#### INPUT MATERIAL:
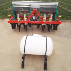 产品简介:这是一款多功能花生播种机,是与12-30拖拉机配套的三点悬挂式花生播种综合作业机械。该机可一次完成起垄、施肥、喷药、覆膜作业
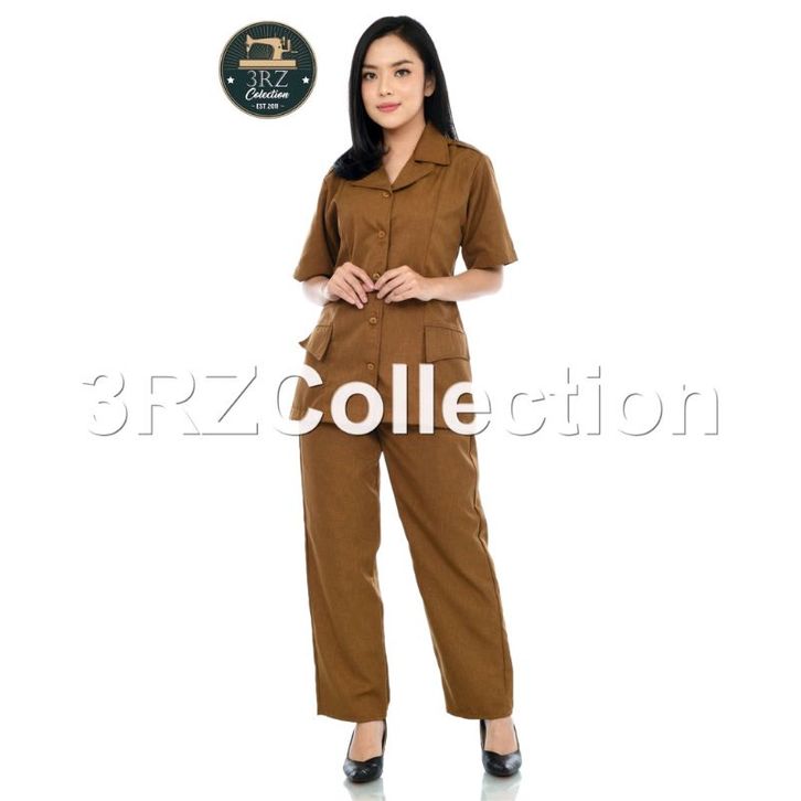 Baju Seragam Dinas PNS PDH Wanita - Baju Seragam Dinas Lengan Pendek Wanita Blazer Celana Kerja
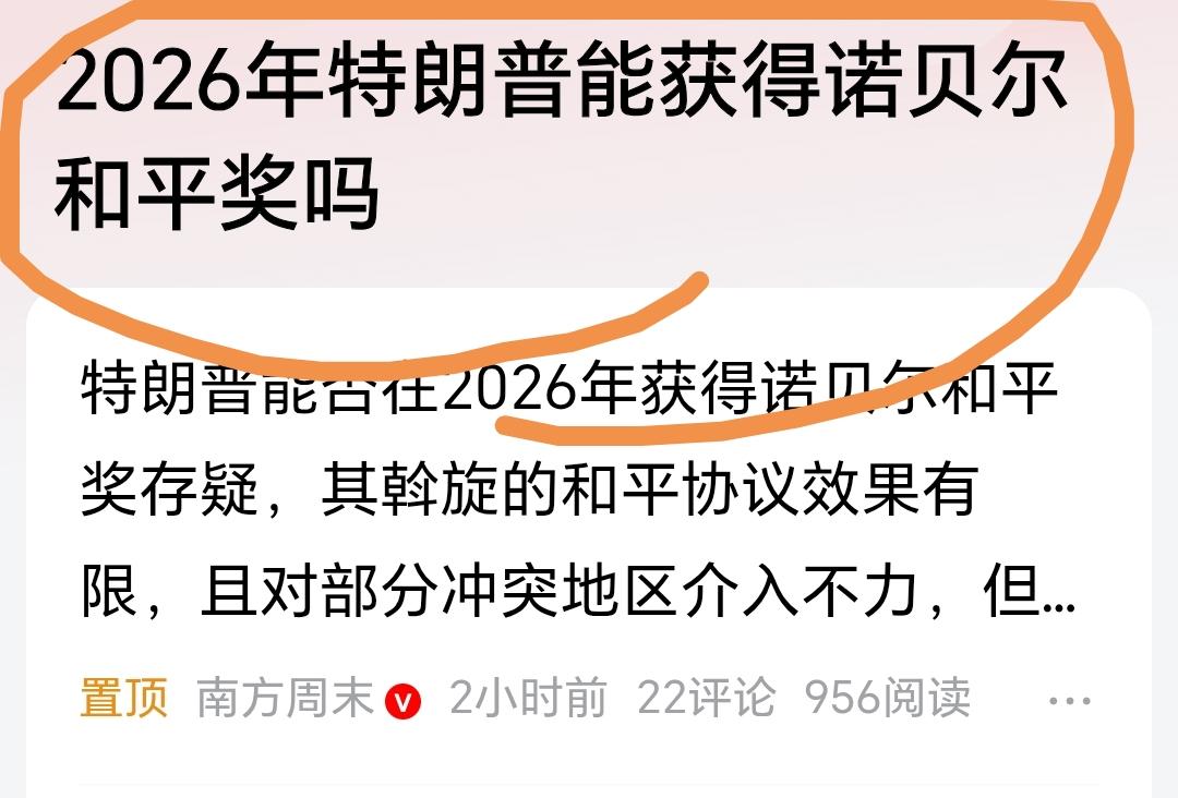 特朗普2026诺贝尔和平奖泡汤了?因为美国对委内瑞拉不宣而战,打响侵略战争第一枪。 如果还有人这么看这个问题就说明他还没有理解诺贝尔和平奖是什么东西。 这个和平奖是给那些积极维护西方价值观意识形态或者从其他意识形态价值观转投西方价值观意识形态的人的奖赏。与他是否为世界和平作出贡献无关,只要满足核心要求,他发动战争,引发战争,其实都无所谓。 税宗之所以得不到,根本原因就在于他的价值观和曾经的建制派不一样,哪怕他前一任期没有出过一次兵,他也得不到。奥黑观海,出兵打仗照样得奖。 税宗要想获得诺贝尔和平奖,他只要做一件事情,马上就可以获得。 那就是只要他坚定支持LGBTQ,支持毒品合法化,改变移民政策。 不用他去求,诺贝尔和平奖早就给他了,还会有一篇他转载10次都意犹未尽的赞美颁奖词。 抓委内瑞拉总统,炸死委内瑞拉人,这些在诺贝尔和平奖那里都不重要。 点右上角关注我,我们一起去看这个魔幻的世界
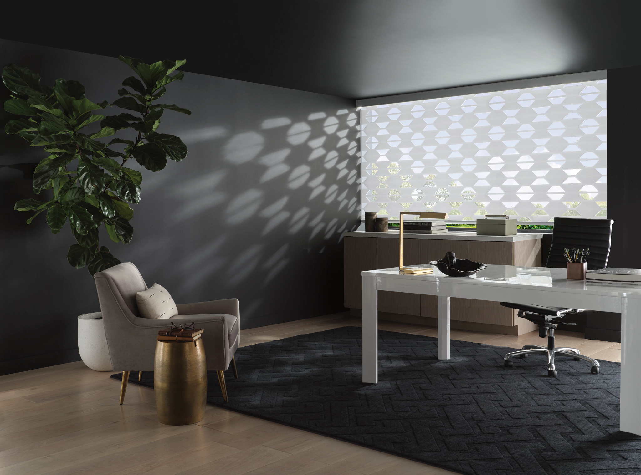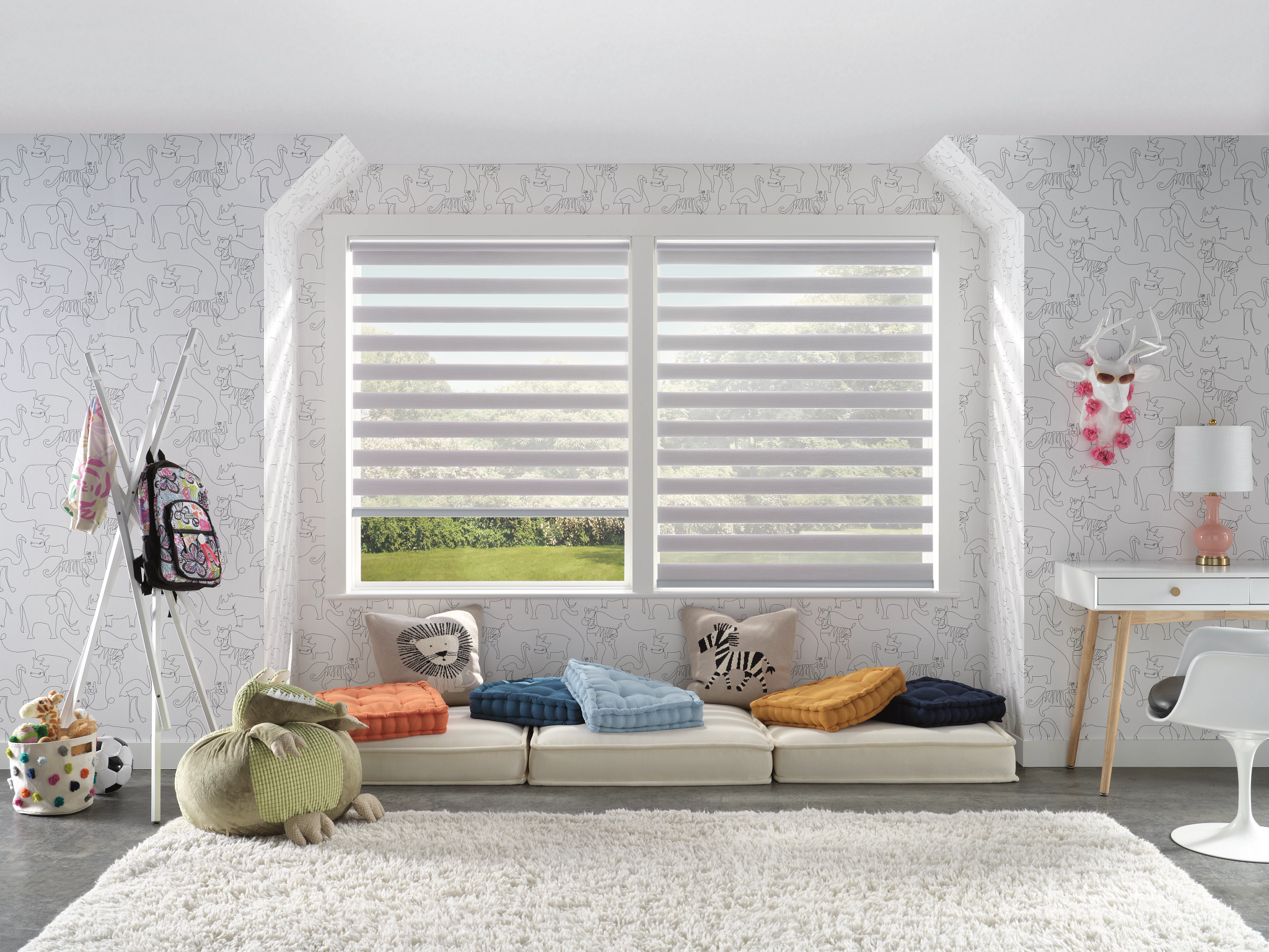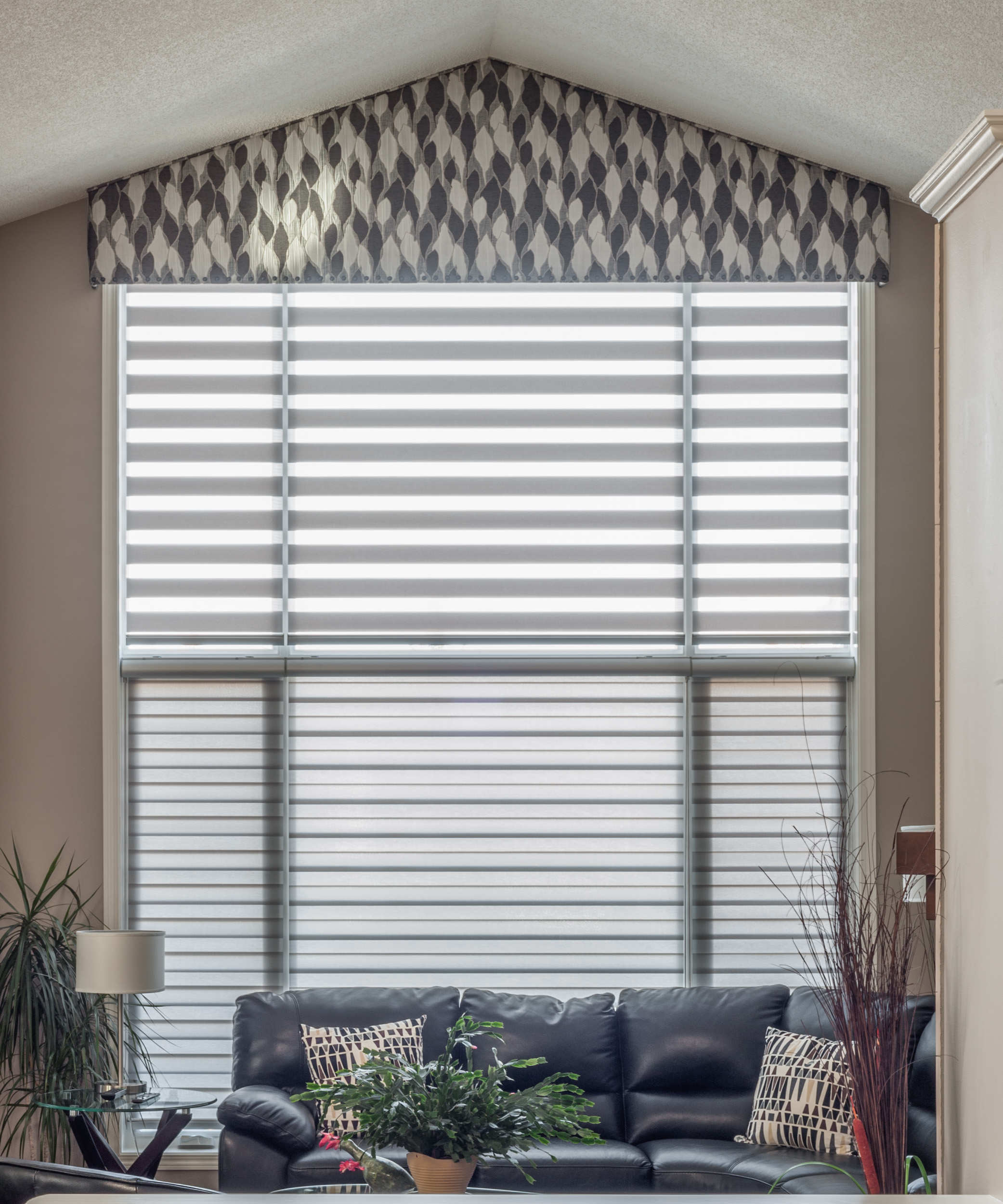 Banded / Zebra shades combine sheer and opaque fabric stripes to give a modern look to roller style shading systems. Their dual or layered design functions as a roller style treatment where one layer passes in front of the other to create varying degrees of privacy on demand. Zebra shades are ideal for larger windows, can be easily motorized & provide excellent light control & UV protection making them a versatile option for any room.
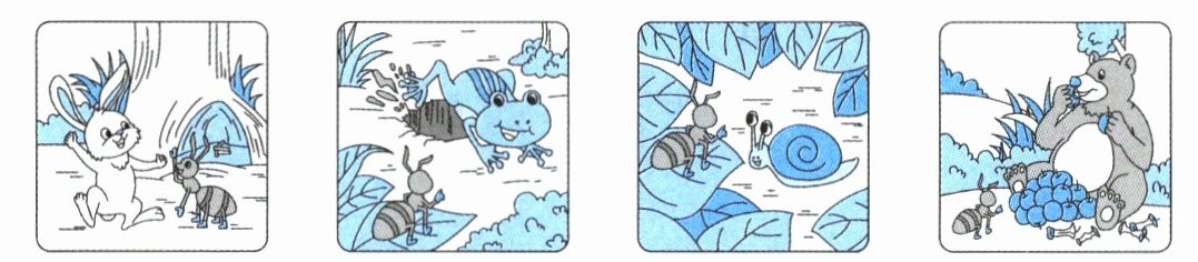 Winter is coming soon(冬天就要来了). The ant wants to play with his friends. But they are very busy(忙碌的). The frog digs a hole(挖洞). The bear eats apples. The snail looks for(寻找) a safe place. They want to sleep in winter. The ant is not happy. Just then, the rabbit walks by. She can play with him. They have fun together.

#### YOUR INSTRUCTIONS:
Only the text of the records is to be reproduced exactly; skip the pictures.

#### EXERCISE SOLUTION:
 产品简介:这是一款多功能花生播种机,是与12-30拖拉机配套的三点悬挂式花生播种综合作业机械。该机可一次完成起垄、施肥、喷药、覆膜作业
 Baju Seragam Dinas PNS PDH Wanita - Baju Seragam Dinas Lengan Pendek Wanita Blazer Celana Kerja
 特朗普2026诺贝尔和平奖泡汤了?因为美国对委内瑞拉不宣而战,打响侵略战争第一枪。 如果还有人这么看这个问题就说明他还没有理解诺贝尔和平奖是什么东西。 这个和平奖是给那些积极维护西方价值观意识形态或者从其他意识形态价值观转投西方价值观意识形态的人的奖赏。与他是否为世界和平作出贡献无关,只要满足核心要求,他发动战争,引发战争,其实都无所谓。 税宗之所以得不到,根本原因就在于他的价值观和曾经的建制派不一样,哪怕他前一任期没有出过一次兵,他也得不到。奥黑观海,出兵打仗照样得奖。 税宗要想获得诺贝尔和平奖,他只要做一件事情,马上就可以获得。 那就是只要他坚定支持LGBTQ,支持毒品合法化,改变移民政策。 不用他去求,诺贝尔和平奖早就给他了,还会有一篇他转载10次都意犹未尽的赞美颁奖词。 抓委内瑞拉总统,炸死委内瑞拉人,这些在诺贝尔和平奖那里都不重要。 点右上角关注我,我们一起去看这个魔幻的世界
 Banded / Zebra shades combine sheer and opaque fabric stripes to give a modern look to roller style shading systems. Their dual or layered design functions as a roller style treatment where one layer passes in front of the other to create varying degrees of privacy on demand. Zebra shades are ideal for larger windows, can be easily motorized & provide excellent light control & UV protection making them a versatile option for any room.
 Winter is coming soon(冬天就要来了). The ant wants to play with his friends. But they are very busy(忙碌的). The frog digs a hole(挖洞). The bear eats apples. The snail looks for(寻找) a safe place. They want to sleep in winter. The ant is not happy. Just then, the rabbit walks by. She can play with him. They have fun together.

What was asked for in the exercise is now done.